40% glycol solution and ton of refigeration 1

[rk27]

I am trying to work out if you can use the rule of thumb formula for tonnage when using 40% glycol.
ton = gpm X delta T / 24. This is translated to
ton = gpm X delta T X 500 / 12000 or
ton = gpm X delta T X Sp Gravity of fluid X Sp Heat of fluid X 60 / 12000

Well for water every thing is great hence the 24 constant or the 500 constant, the problem with the 40% ethylene glycol is the tonnage is reduced by ~10% due to its physical properties. My question is: is there a problem using the 12000 btu per ton as related to the amount of energy required to melt a ton of ice in 24 hours: 144 btu X 2000 lbs / 24 hours since the characterisrtics of the fluid are different from water?

 

[quark]

rk27,

TR is TR irrespective of the secondary refrigerant and same definition can be used with any medium. Secondly, there is a little misunderstanding. The apparent capacity reduction is due to the fact that specific heat is low for glycol solutions when compared to water. You will get the same tonnage if you increase mass flowrate of glycol solution. Suppose if water flowrate is x kg/hr then you require to put [x/cp] kg/hr of glycol solution to acheive same tonnage.
cp is specific heat of glycol solution.

 

[25362]

On a different subject: one must be careful when using the third equation by rk27.
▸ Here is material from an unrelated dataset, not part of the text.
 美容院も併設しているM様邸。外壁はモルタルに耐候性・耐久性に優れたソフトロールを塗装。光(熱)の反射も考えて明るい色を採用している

When the heat capacity is in Btu/(lb*^oF), and when using a non dimensional specific gravity of the fluid, one has to multiply by 8.34 lb/gal (water's density) or, alternatively, express the fluid's density in lb/gal.

Quark: am I right ?

 

[quark]

Yes, you are right as usual. The constant 500 comes from 8.34 lb/gal x 60min/hr.

 

[25362]

To quark, thanks.

As an answer to the old tongue twister:

"If Peter Piper picked a peck of pickled peppers, how many pecks of pickled peppers did Peter Piper pick ?"
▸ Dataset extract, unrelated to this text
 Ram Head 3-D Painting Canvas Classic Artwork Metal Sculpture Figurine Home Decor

This is the subject of units cancellation which I frequently use to check myself.

 

[rk27]

Thank you to everyone for their speedy replys. The main reason for my post was I have a primary-secondary loop. The calculation for the secondary loop , using an ultrasonic meter permanently attached to the piping, is approximately 96 tons. If I apply the same formula to the primary loop, I get 126 tons. I have to guess that the flow is at design conditions in the primary because it was balanced recently, or maybe I should measure the pressure drop myself. My problem is that during the summer the plant brings a second chiller on-line even though the secondary loop is only using 356 gallons and a single 200 ton chiller is capable of producing 461 gallons. Also, I am wondering if the use of tons is becoming antiquated because it really is a reference point under certain conditions, and that the kBtuH can vary significantly when operating off of design conditions.

 

[quark]

RK27,

It is very difficult to assess what is happening without knowing the things in detail. It is better if you do energy audit for this installation.
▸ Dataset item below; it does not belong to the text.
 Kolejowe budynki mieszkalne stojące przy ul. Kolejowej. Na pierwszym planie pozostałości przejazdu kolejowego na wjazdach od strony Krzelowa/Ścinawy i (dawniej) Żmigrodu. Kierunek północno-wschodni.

Here is a good article(also check two other articles by the same author)(Courtesy - imok2)

http://www.automatedbuildings.com/news/apr02/art/htmn/htmn.htm

We can be helpful if you have any specific questions.

25362,

Can you please explain the method?

Regards,

 

[25362]

Quark:

The method of what ? Units' cancellation ?

 

[quark]

Yes, unit cancellation and the tongue twister.

 

[25362]

Quark: there is nothing to it really. I mentioned the old twister to remind that plenty of arithmetical problems sound like it. The puzzle of deciding what to do with the numbers given in the above query is easily solved by using the technique of unit cancellation.

To return to Peter Piper for an illustration, suppose he steadily picks 3/8 of a peck of pickled peppers in an hour, how much will he have picked in two-thirds of an hour ?

The answer is obtained by multiplying:

3/8 peck/hour x 2/3 hour . Hour cancels out, giving the answer: 1/4 peck.

Another common, almost trivial, example. What mass of water forms when 8 g of methane burn in air ?

Stoichiometry gives us:

CH₄ + 2O₂ => CO₂ + 2H₂O​

Knowing the molecular masses for methane (m) and water (w), are 16 and 18, respectively.

We write the multiplication so as to cancel the units:

18 g w/mol w x 2 mol w/mol m x mol m/16 g m x 8 g m = 18 g w

Rk27 wrote:

(gal/min)(^oF)[Btu/(lb.^oF)](min/h)(TR.h/Btu) = (TR) (gal/lb), meaning that lb/gal is missing to complete the cancellation.

It is clear you expected a more sophisticated presentation, but this is what I could show. Sorry.